= Fiji Week, 2004 =

Fiji Week was a week of prayer meetings and multicultural programmes that took place the week of 4–11 October 2004. Organized at a cost of US$410,000 by a multiracial national committee chaired by the Prime Minister, Laisenia Qarase, Fiji Week was intended to foster reconciliation among Fiji's diverse ethnic communities, especially native Fijians and Indo-Fijians, whose mutual rivalry for political power has dominated Fijian politics for the last generation, and whose relationship has been especially strained since the overthrow of the Indo-Fijian-led government of Mahendra Chaudhry by ethnic Fijian nationalists in the Fiji coup of 2000. Organizers of Fiji Week hoped that it would help to bring about a sense of closure to those events, but the controversy that it generated made this appear difficult to achieve.

On 15 September 2004, a source close to the government told the Australian Associated Press that George Speight, the chief instigator of the 2000 coup, currently serving life-sentence for treason, had had a change of heart towards the Indo-Fijian community following a religious conversion experience in jail, and that he wished to take part in the Fiji Week activities as a gesture of reconciliation.

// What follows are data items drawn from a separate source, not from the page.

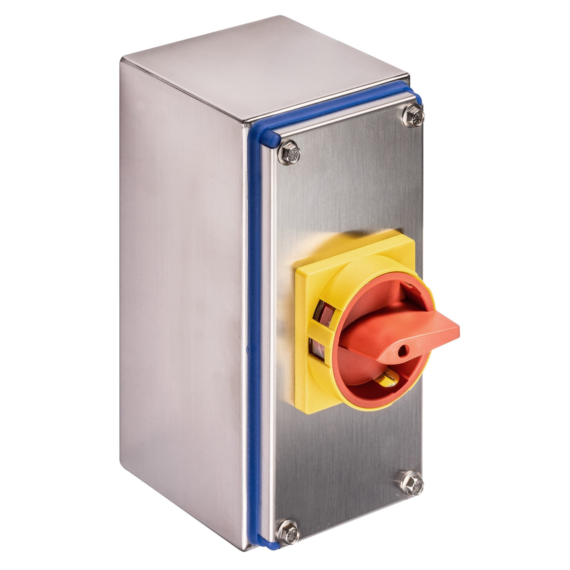 Kraus & Naimer sikkerhedsafbryder til ekstra barske miljøer, 80A, 4 polet + 1NO/NC, IP66 front, rød/gul håndtag i rustfri stål kabinet. Det kompakte design, beskyttelsesklasse IP66 og slagfasthed IK08 er ideelle til installation på trange steder og under ugunstige forhold ved miljøpåvirkninger.
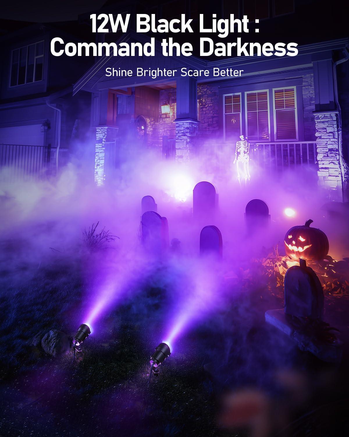 HIBOITEC Halloween Black Light Spotlight Outdoor 12W IP65 Waterproof LED Spot Lights Landscape Lighting with US Plug for Glow Party Body Paint Yard Garden Decorations 4Packs(2 Pack)
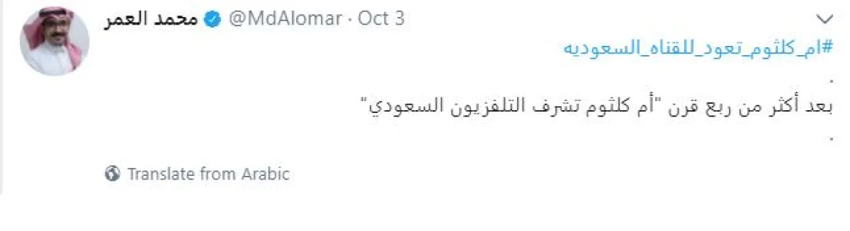 فيما أعرب الكاتب محمد العمر عن مدى تقبّله لتلك الفكرة وعودة الموسيقى للشاشة السعودية، التي ستحييها من جديد، معبّرًا بقوله: بعد أكثر من ربع قرن، أم كلثوم تشرّف التلفزيون السعودي.
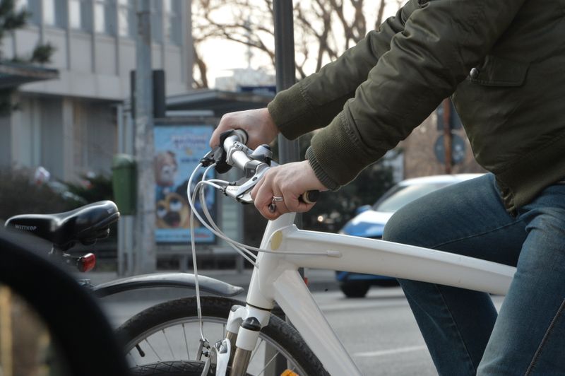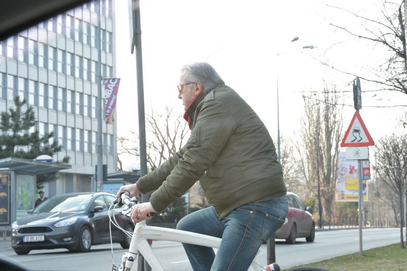 Ilie Năstase poartă verighetă în timp ce merge pe bicicletă.
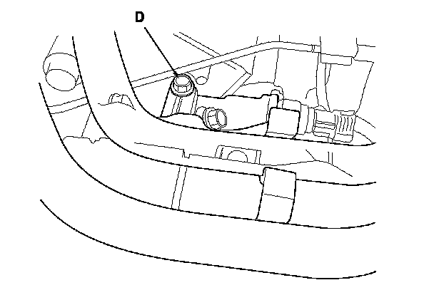 17. Upshift to 2nd gear by pressing the paddle shifter + (upshift switch), and measure the 2nd clutch pressure at the 2nd clutch pressure inspection port (D) while holding the engine speed at 2,000 rpm.
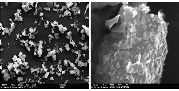 SEM分析:圖1中所示的合成的活性炭粉末的掃描電子顯微鏡(SEM)圖像清楚地顯示其高度多孔和不均勻的形態,平均顆粒尺寸為6.7μm。
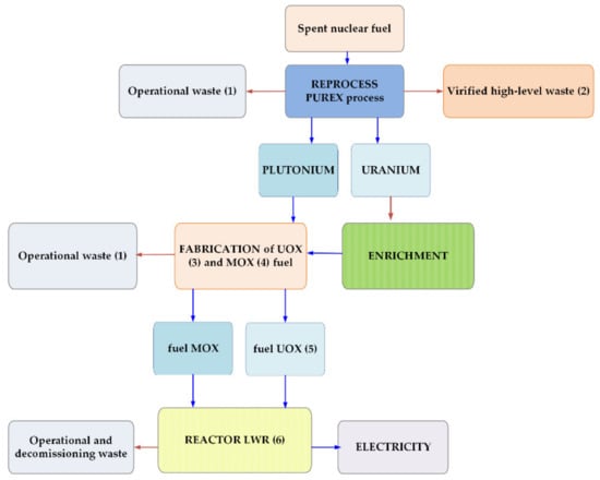 Reprocessing with reuse transforms SNF into high-level vitrified waste, MOX fuel with appropriate fissile content for reuse, and other RW. The extracted plutonium can produce MOX for use in the light water reactor (LWR). Reprocessed uranium is either mixed with plutonium (in a MOX fuel fabrication) or enriched to produce new uranium fuel []. Figure 7 presents the reprocessing with reuse of uranium and plutonium.

However, the government refused his request to be allowed to leave his Nukulau Island prison to participate in the observances.

== Aftermath and criticisms of the ceremonies==

=== Mahendra Chaudhry ===
Fiji Week was politically controversial. The Fiji Labour Party of deposed Prime Minister Chaudhry boycotted the observances, claiming that they were a political ploy aimed at defusing the lingering post-coup ethnic tensions without addressing the real problem, that many of those responsible for organizing and funding the coup remain unidentified and at large. There could be no reconciliation without justice being done, various party spokesmen said. At a personal level, however, a spokesman said on 11 October that Chaudhry would consider meeting Speight and forgiving him - provided that he name the persons responsible for instigating and financing the 2000 coup . As of December 2004, Speight has not done so.

=== Adi Koila Nailatikau ===
Another critic of the ceremonies was Senator Adi Koila Nailatikau, the daughter of the late President Ratu Sir Kamisese Mara, who was deposed in the 2000 coup. Explaining her refusal to participate in the Fiji Week reconciliation ceremonies, Adi Koila (who had been held hostage for 56 days by the instigators of the coup) told the Senate on 23 October 2004 that the reconciliation undertaken would be worthless unless investigations into the coup revealed the truth behind its staging. She expressed anger that individuals implicated in the coup now held senior positions in the government and the diplomatic service.

Adi Koila also said that the reconciliation ceremony was inappropriate because the person who received the whale's tooth and forgave the people in the ceremony at Albert Park (President Ratu Josefa Iloilo) had not been a victim of the May 2000 coup.

Adi Koila wondered aloud why the government had decided to organize the reconciliation ceremonies only after both of her parents had died. "Why was the concept of reconciliation never done for the late Turaga Bale the Tui Nayau (Ratu Mara) or for that matter the late Marama Bale the Roko Tui Dreketi (Ro Adi Lala Mara)?" she demanded. "Was all this conjured overnight immediately after their demise?" she questioned.

Adi Koila declared that there could be no genuine forgiveness until questions were answered about who was involved in organizing and funding the 2000 coup. "An individual will forgive when he or she is ready. There must be truth telling, as to why they participated and who gave the orders," Adi Koila said. "Reconciliation cannot eventuate or materialise until the proper legal procedures have been followed, that is without interference from external forces."

=== Frank Bainimarama ===
On 25 October 2004, Commodore Frank Bainimarama, the Commander of the Armed Forces, added his voice to the criticism of the Fiji Week ceremonies. He said he found it "baffling" that individuals implicated in the 2000 coup had taken part in the ceremonies to apologize and ask forgiveness for their actions, only to turn up in court later and plead innocent. He said that according to Fijian culture, an apology was tantamount to a public admission of guilt, and that the "not guilty" pleas later entered by the same people in court raised justifiable questions about whether their apologies were sincere.

Bainimarama strongly criticized Senator Ratu George Cakobau for saying that citizens unhappy with the government-organized apology and reconciliation ceremonies should leave Fiji. Bainimarama declared that Fiji belonged to all of its citizens, and that no one should feel intimidated by politicians who spit out racist remarks, adding that the Senator would be shocked to find that many of those who refused the apology were ethnic Fijians. He said that democracy and the rule of law were the rule of the day in the 21st century, and that the military would uphold it. His comments drew angry criticism from government politicians who accused him of meddling in politics.

Refusing to be silenced, Bainimarama issued a further statement from Australia on 8 December 2004, condemning the inclusion in the government of persons implicated in the 2000 coup, saying that their presence justified his earlier criticism of the Fiji Week reconciliation ceremonies. "That's why we've always said the reconciliation process was a farce," Bainimarama said. "The 2001 Elections brought back all of George Speight's group except him."